Wenn man sich "cleverer" anstelle, sagte Findl im November auch zum Fall der in Augsburg angeklagten Apothekerin - und ist sich somit mit ihrem Verteidiger einig -, falle solch ein Betrug im bestehenden Abrechnungssystem meist gar nicht auf. Bei der Krankenkasse wurden Mitarbeiter allerdings stutzig, dass ein Zahnarzt Rezepte gegen Schuppenflechte ausstellt. 108 Spritzen hatte sich die 53-Jährige in den Jahren 2019 und 2020 selbst verordnet, mit Blanko-Rezepten und Stempel aus der Praxis ihres Ehemanns. Knapp 5000 Euro kostet eine solche Spritze des Medikaments Stelara.

Die Frau leidet nach eigener Aussage tatsächlich an Schuppenflechte, benutzt hat sie das Medikament dennoch kaum.

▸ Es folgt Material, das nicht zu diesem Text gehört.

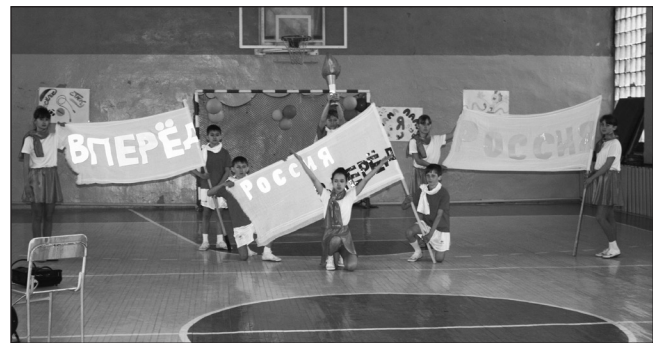
Команда школы им. А.А.Фадеева.
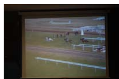
18. Le film repasse dans la salle des commissaires
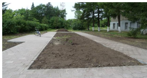
Так, после подготовительных работ стал выглядеть наш объект

На средства гранта была приобретена цветочная рассада.
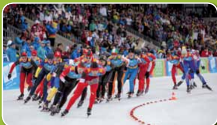
Massenstart 5 000 m
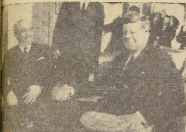
WASHINGTON. — El Presidente Kennedy (a la izquierda) y el Primer Ministro Italiano, Amintore Fanfani, sonríen durante la entrevista que sostuvieron en la Casa Blanca. FANFANI
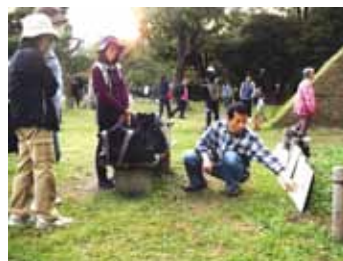
毎回講座の終わりに行われる全体講評会は自分の作品を客観的に見ることができます。
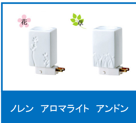
ノレン アロマライト アンドン
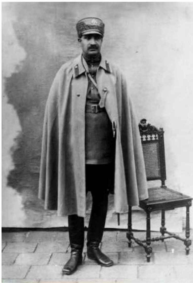
رضاخان سردار سپه
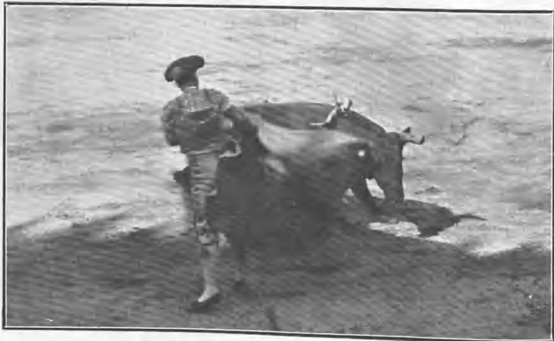
COCHERITO DE BILBAO Á LA TERMINACIÓN DE UN QUITE
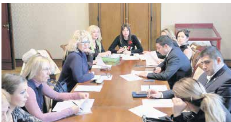
Савет за родну равноправност града Београда

На седници Савета за родну равноправност града Београда усвојен је извештај о формирању радних група у оквиру Савета за родну равноправност. Савет је формирао радне групе за борбу против насиља у породици, за родну равноправност у складу са Европском повељом, за економско оснаживање жена, за превентивну здравствену заштиту, као и за анализу стања радно-правног статуса запослених жена. Радне групе ће у оквиру својих мандата и задатака остварити континуирану сарадњу са релевантним телима, институцијама, установама и организацијама.
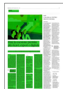
Superficie 56 %

I benefici di questo nuovo modello di business sono evidenti, guardando al passato recente, ma anche al futuro. Se le Pmi coesive si sono dimostrate più resilienti nel periodo della pandemia, secondo un sondaggio Unioncamere -Tagliacarne il 55% delle aziende che punta su relazioni strutturate stima per quest'anno un aumento dei ricavi rispetto al 2022 (contro il 42,3% delle altre imprese), dell'occupazione (34,1% contro 24,8%) e delle esportazioni (42,7% contro 32,5%). E questi andamenti dovrebbero confermarsi
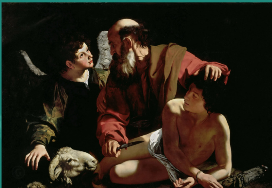
Жртвовање Исака. Микеланђело Мерици да Каравађо, 1598. год

Ми не поседујемо тако савршену и потпуну љубав према Богу, какву су имали наши свети оци. Оне који искрено воле Бога чистом љубављу, без лажи или лицемерја, ништа не одваја од љубави Божије – ни деца, ни жена, ни брат, ни породица, ни злато, ни власт. Као Аврам који искрено воли Бога, али који није поштедео свог сина Исака, када му је Он заповедио да га жртвује, него Га је послушао и учинио заповеђено. И као свети мученици који су више волели љубав према Богу од пролазног живота и стрпљиво подносили страдања, проливајући сопствену крв. Због љубави коју су гајили према Богу испунили су речи апостола Павла: „Ко ће нас раставити од љубави Христове? Жалост или тескоба, или гоњење, или глад, или голотиња, или опасност, или мач?... Јер сам уверен да ни смрт, ни живот, ни анђели, ни поглаварства, ни силе, ни садашњост, ни будућност, ни висина, ни дубина, нити икаква друга твар неће моћи одвојити нас од љубави Божије, која је у Христу Исусу, Господу нашем“. (Рим. 8, 35, 38–39).
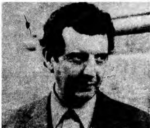
Ministro de Salud. Arturo Jirón.
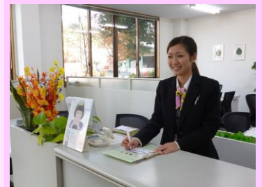
▲窓口対応をしているところ

私は人見知りなので、コミュニケーションを取るということが苦手でした。仕事を始めてからは、接客が主なので、徐々にコミュニケーションが取れるようになりました。仕事をするという事は、日々勉強なので、自分自身、成長できるように努力しています。失敗を恐れずに、何度でもチャレンジする気持ちも大切です。
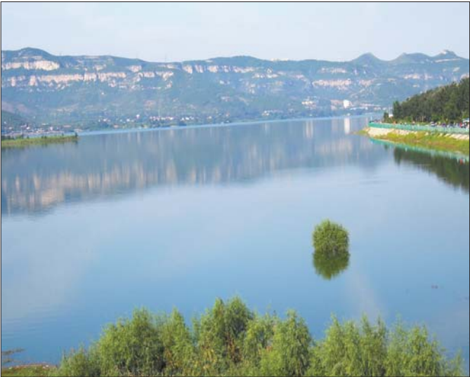
8月底9月初,济南南部山区大小水库都已蓄满水。本报记者 周青先 摄
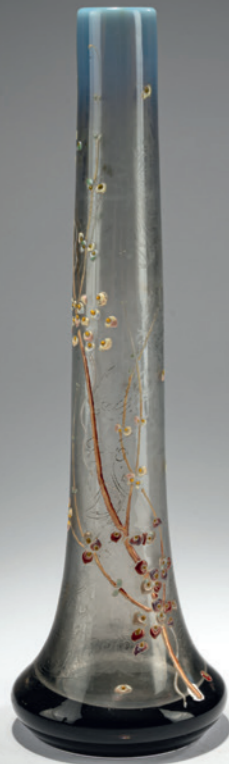
83 Emile Gallé, Nancy Enghalsvase 'Callicarpa japonica et cardères sauvages', um 1889

H. 32,5 cm. Zart rauchfarbenes Glas, im oberen Bereich leicht opaleszent. Geätzt, polychrom emailliert und goldgehöhnt. Dekor mit Kardendistel und Liebesperlenstrauch. Boden sign.: E. Gallé déposé mit Pflanze (camaieu-rot).
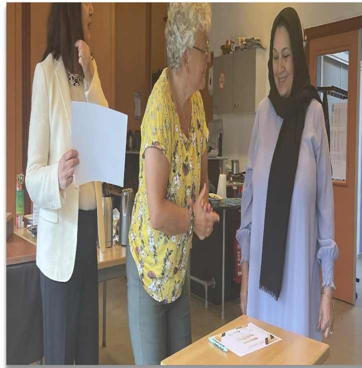
Penningmeester & boekhouding
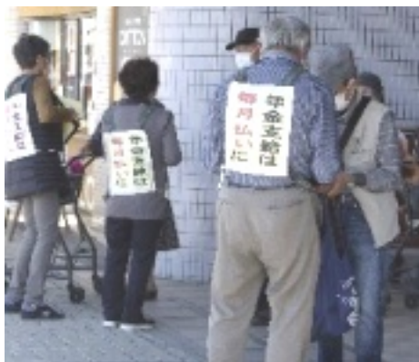
宣伝中

全国一斉年金署名活動を実施しました。久しぶりの活動でしたが、10名の参加がありました。街頭で呼びかけを行い、チラシを配布しましたが、今回は非常に受け取りが良かったです。たくさんの方とお話している中で、多くの不満を抱いている事が分かりました。年金は下がっていくばかり、そして、物価高騰の医療費は2割負担となり、その一方で、多額の税金を使って安倍元首相の国葬を強行した政府への不満が目立ちました。

Stattdessen nahm sie das Geld ihrer Krankenkasse und hielt sich damit offenbar über Wasser. Sie war bereits mit einer Apotheke insolvent geworden, öffnete dennoch wieder ein Geschäft in Neu-Ulm, das inzwischen geschlossen hat, und nutzte das Einkommen aus dem Betrug wohl, um ihre Schulden abzutragen und ihre Mitarbeiter zu bezahlen. Sie habe, das betont ihr Verteidiger, nicht in Luxus gelebt.

Die Frau gab ihre Approbation von sich aus zurück

Eine Mitarbeiterin der Krankenkasse sagte im Zuge des Prozesses, dass es für Versicherer nicht möglich sei, alle Verordnungen zu überprüfen. Es werde relativ schnell gezahlt, rekapitulierte die Staatsanwältin in ihrem Plädoyer, damit das Gesundheitssystem laufe. "Deshalb vertrauen die Krankenkassen darauf, dass alle ihre Verpflichtungen einhalten." Besonders häufig gibt es jedoch derzeit Verdachtsfälle auf Betrug bei Corona-Tests, jedes dritte Verfahren der ZKG spielt in diesem Feld. Viele Ermittlungen - die meisten bei der ZKG lauten auf Betrug - richten sich auch gegen Ärzte, jeweils zehn Prozent gegen Physiotherapeuten und Pflegedienste.

"Sie haben das Vertrauen der Gesellschaft und der Krankenkassen missbraucht", rügt der Vorsitzende Richter die Angeklagte in seiner Urteilsbegründung. Eine Strafe, die zur Bewährung ausgesetzt werden könnte, wäre deshalb "das falsche Zeichen" gewesen. Dennoch bleibt das Gericht mit seiner Strafe von drei Jahren Haft weit unter der Forderung der Staatsanwältin, die vier Jahre und sechs Monate als schuldangemessen betrachtet hatte.

Das Gericht erkennt unter anderem an, dass die Apothekerin früh und vollumfänglich geständig war und inzwischen mehr als die Hälfte des Schadens zurückgezahlt hat. Sie habe auch selbst erkannt, dass sie "charakterlich nicht befähigt" sei, eine Apotheke zu führen, weshalb sie einem Berufsverbot zuvorkam und ihre Approbation zurückgab. In die Haftstrafe wird auch ein Urteil des Amtsgerichts Neu-Ulm aus dem Sommer eingerechnet: Dort ist die 53-Jährige bereits verurteilt worden, weil sie verschreibungspflichtige Schmerzmittel illegal verkauft hatte.